DATASET EXCERPT:
--------------------------------------------------

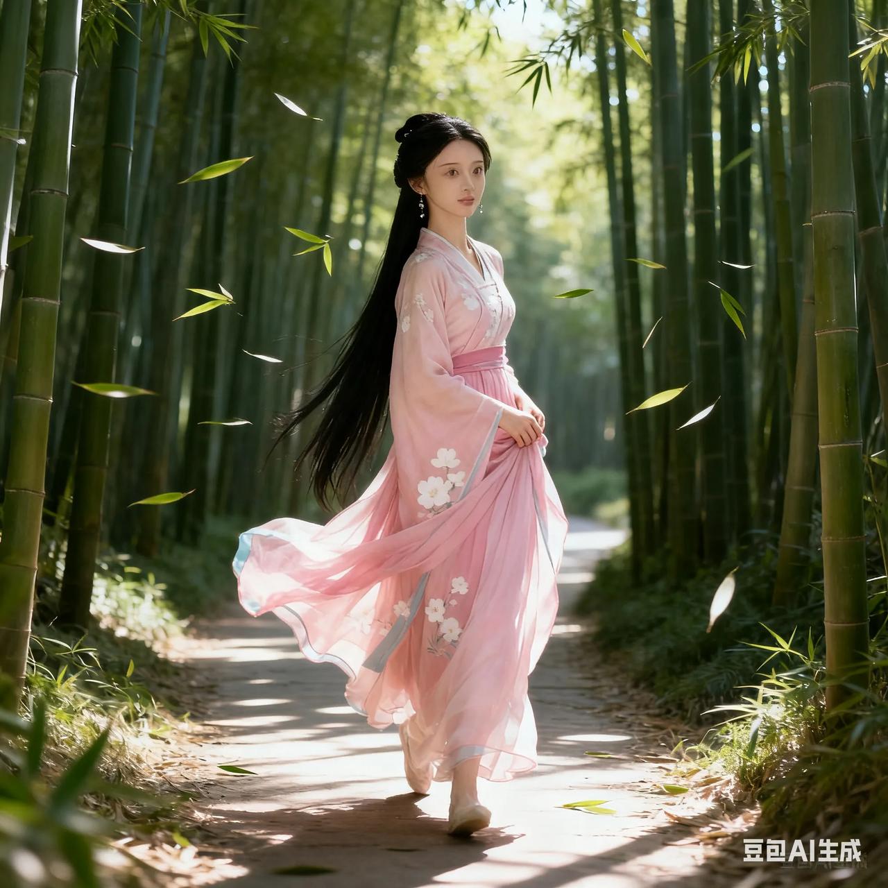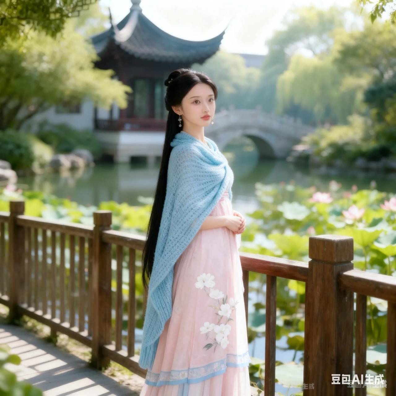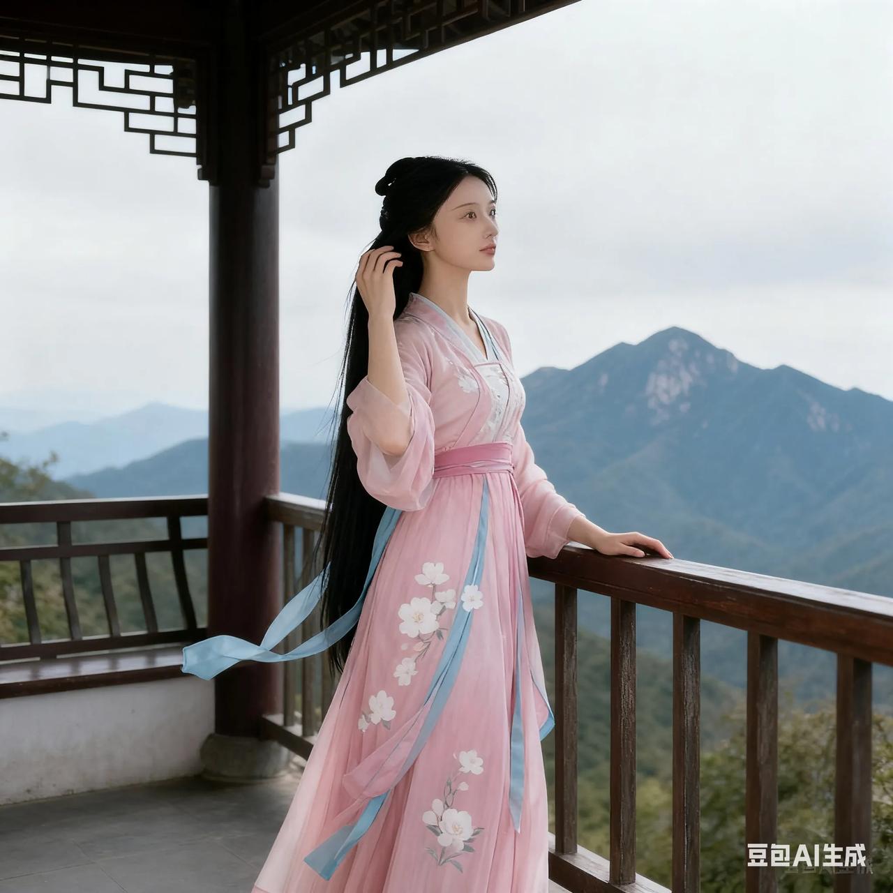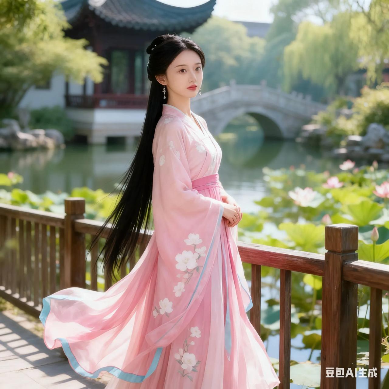 古典美人,粉裙飘逸,如梦如幻。
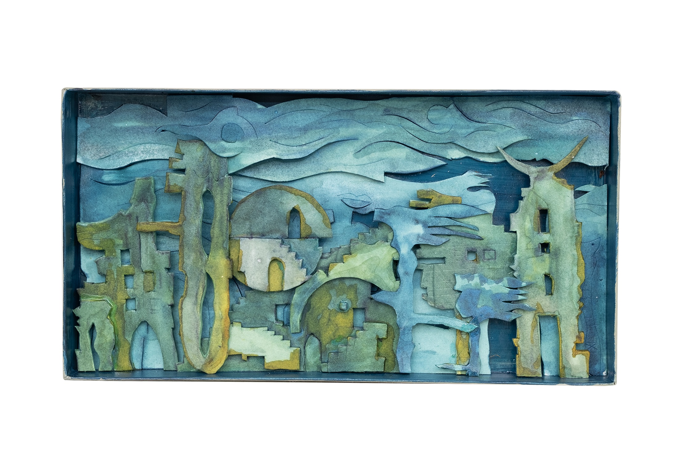 "Indigo Dreams" is a visual epic that gives voice to silence within that mysterious twilight where night and dream intersect. While the lip figure emerging from the clouds represents an ancient song or a cosmic secret whispered over the city, the humanoid architectural structures rising within this deep blue suggest that the city is woven not just of stone, but of memories and spirits. In this azure labyrinth of stairs, doors, and interlocking spaces, the abstract birds and metamorphosed mythical creatures gliding across the surface symbolize the yearning for freedom arising from the depths of consciousness. Each layer invites the viewer on a fairy-tale inner journey where the boundaries between reality and imagination dissolve within the melancholic yet serene embrace of indigo.
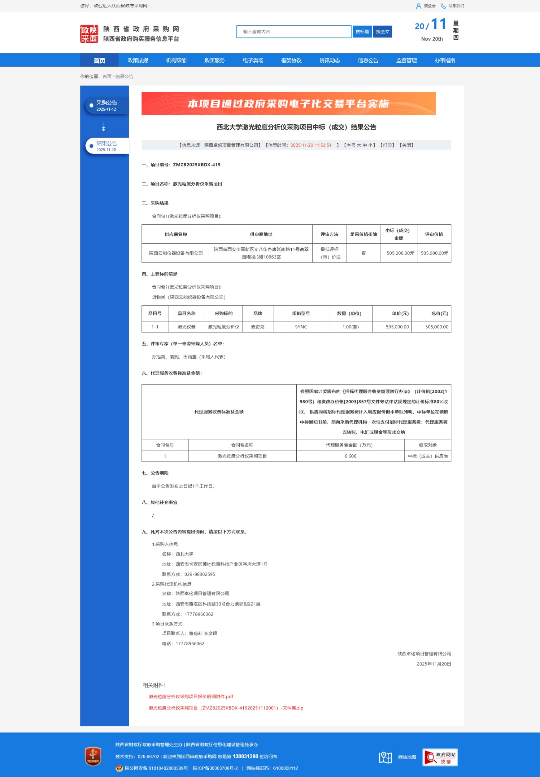 古天乐代言太阳集团城网址激光粒度分析仪采购项目中标(成交)结果公告 作者:国有资产管理处 编辑:国有资产管理处 时间:2025-11-20 原公告链接:https://www.ccgp-shaanxi.gov.cn/freecms/site/shaanxi/ggxx/info/2025/8a69c5539a636e42019a9f5c85c63e62.html?noticeType=001023¬iceId=c1e65fb5-c5c6-11f0-8063-08c0eb20c666
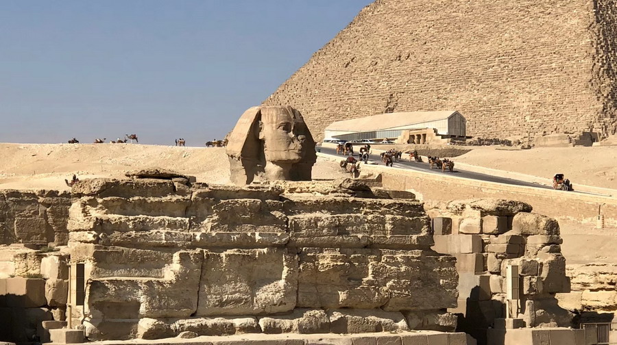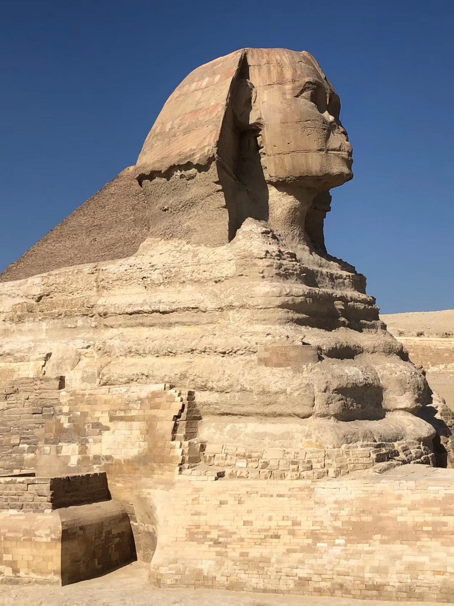 此像高20米,長57米,算上兩個前爪,全長72米。它頭戴“奈姆斯”皇冠,兩耳側(cè)有扇狀的“那姆斯”頭巾下垂,前額上刻著圣蛇浮雕,下頜有帝王的標志,下垂的長須,脖子上圍著項圈,鷹的羽毛圖案打扮著獅身。孫衛(wèi)南攝

--------------------------------------------------

TASK: Reproduce the final stretch of lines exactly: the line containing "embrace of indigo." through the last line of the data, both included. Pictures do not belong in the copy.

RESPONSE AREA:
 "Indigo Dreams" is a visual epic that gives voice to silence within that mysterious twilight where night and dream intersect. While the lip figure emerging from the clouds represents an ancient song or a cosmic secret whispered over the city, the humanoid architectural structures rising within this deep blue suggest that the city is woven not just of stone, but of memories and spirits. In this azure labyrinth of stairs, doors, and interlocking spaces, the abstract birds and metamorphosed mythical creatures gliding across the surface symbolize the yearning for freedom arising from the depths of consciousness. Each layer invites the viewer on a fairy-tale inner journey where the boundaries between reality and imagination dissolve within the melancholic yet serene embrace of indigo.
 古天乐代言太阳集团城网址激光粒度分析仪采购项目中标(成交)结果公告 作者:国有资产管理处 编辑:国有资产管理处 时间:2025-11-20 原公告链接:https://www.ccgp-shaanxi.gov.cn/freecms/site/shaanxi/ggxx/info/2025/8a69c5539a636e42019a9f5c85c63e62.html?noticeType=001023¬iceId=c1e65fb5-c5c6-11f0-8063-08c0eb20c666
 此像高20米,長57米,算上兩個前爪,全長72米。它頭戴“奈姆斯”皇冠,兩耳側(cè)有扇狀的“那姆斯”頭巾下垂,前額上刻著圣蛇浮雕,下頜有帝王的標志,下垂的長須,脖子上圍著項圈,鷹的羽毛圖案打扮著獅身。孫衛(wèi)南攝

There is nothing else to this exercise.